SBRA technical amendment = technical foul?
A great Arabic folk idiom describes an all-too-common occurrence: Literally, "he came to apply eye liner to her, but blinded her." [اجا يكحلها عماها izha ikaHil-ha, cama-ha] In other words, someone attempted to improve a situation but ended up ruining it. I believe I've encountered an example in the "technical amendment" made by the CARES Act to the Small Business Reorganization Act of 2019.
As Bob pointed out almost exactly two years ago, the original SBRA definition of a "small business debtor" was designed to keep out large public companies and their subsidiaries, but the language was ... inelegant. The first of two subsections (laid out in Bob's post) excluded companies subject to reporting requirements under the Securities Exchange Act of 1934 (that is, a company with shares widely held by "the public," as defined by the SEC), while an immediately following exclusion applied to such a company that was an affiliate of a debtor (that is, another company already in bankruptcy). Well, whether you're an affiliate of a debtor or not, if you try to file under subchapter V, and you're subject to the '34 Act reporting requirements, you're excluded by the first subsection, so isn't this second provision redundant?

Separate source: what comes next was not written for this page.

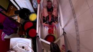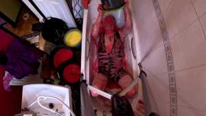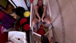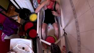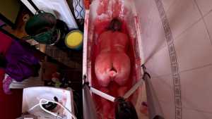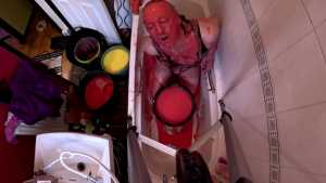He masturbates, lying down in the gunge on his back, and on his front, where you can watch him fuck himself with a big fat dildo.

Yes, but ... in 2020, the CARES Act came to put eye liner on this section and blinded it. Rather than fixing this by saying what seems to have been the intention--that an affiliate of a public reporting company cannot file under subchapter V--instead, a "technical amendment" changed the final provision entirely by simply excluding an affiliate of an "issuer, as defined in section 3 of the Securities Exchange Act of 1934." [the same language was inserted in both sections 101(51D)(B)(iii) and 1182, so this change is not temporary]
The problem, it seems to me, is that the definition of "issuer" in the '34 Act includes far more than a big, public reporting company--it includes any company that issues so many as one share of stock (or other "security"). The '34 Act is generally about trading of public securities, but that's not the only thing it's about, and the definition of "issuer" in the '34 Act is simply reproduced from the '33 Act, with far broader application.